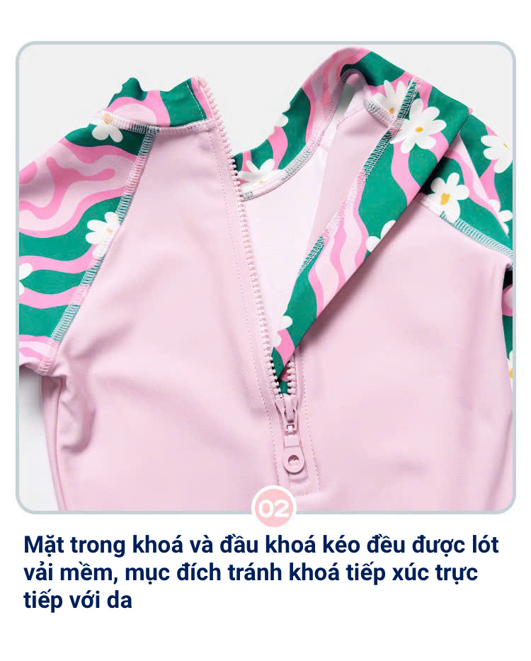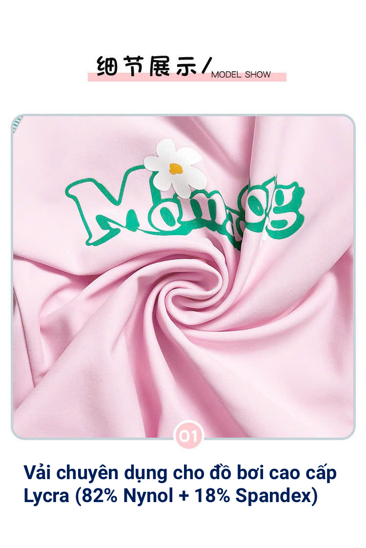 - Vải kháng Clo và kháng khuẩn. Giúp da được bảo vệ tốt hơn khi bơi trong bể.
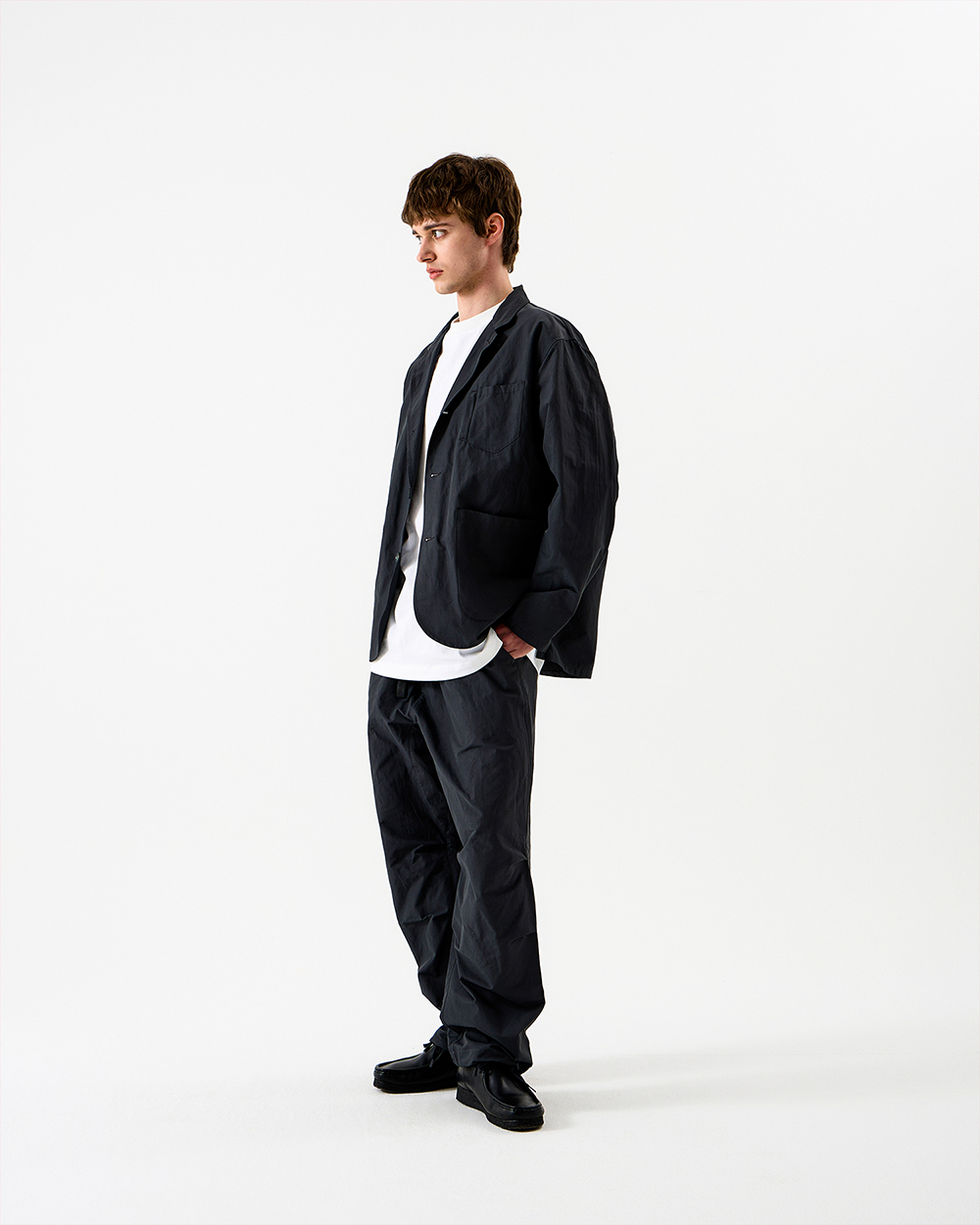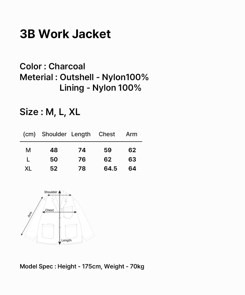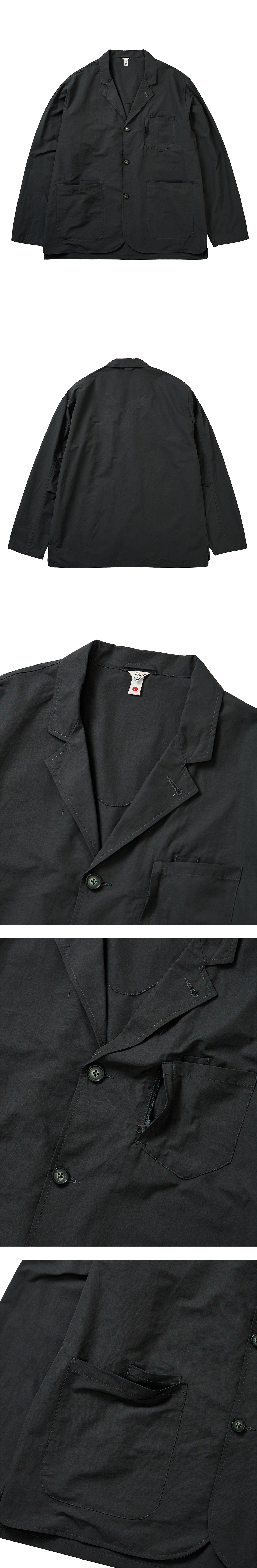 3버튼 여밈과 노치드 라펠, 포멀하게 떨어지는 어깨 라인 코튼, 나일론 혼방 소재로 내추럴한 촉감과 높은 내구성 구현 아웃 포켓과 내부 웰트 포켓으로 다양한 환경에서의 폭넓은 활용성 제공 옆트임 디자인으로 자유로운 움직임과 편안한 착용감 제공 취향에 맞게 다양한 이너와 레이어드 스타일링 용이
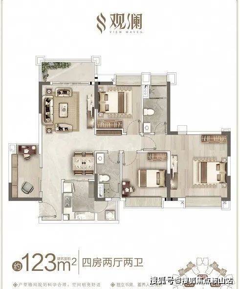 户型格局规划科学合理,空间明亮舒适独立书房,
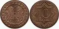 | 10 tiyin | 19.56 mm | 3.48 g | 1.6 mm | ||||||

-------

• Assigned task: Apart from the pictures, every line above must be printed exactly.

• The completed task:
 - Vải kháng Clo và kháng khuẩn. Giúp da được bảo vệ tốt hơn khi bơi trong bể.
 3버튼 여밈과 노치드 라펠, 포멀하게 떨어지는 어깨 라인 코튼, 나일론 혼방 소재로 내추럴한 촉감과 높은 내구성 구현 아웃 포켓과 내부 웰트 포켓으로 다양한 환경에서의 폭넓은 활용성 제공 옆트임 디자인으로 자유로운 움직임과 편안한 착용감 제공 취향에 맞게 다양한 이너와 레이어드 스타일링 용이
 户型格局规划科学合理,空间明亮舒适独立书房,
 | 10 tiyin | 19.56 mm | 3.48 g | 1.6 mm | ||||||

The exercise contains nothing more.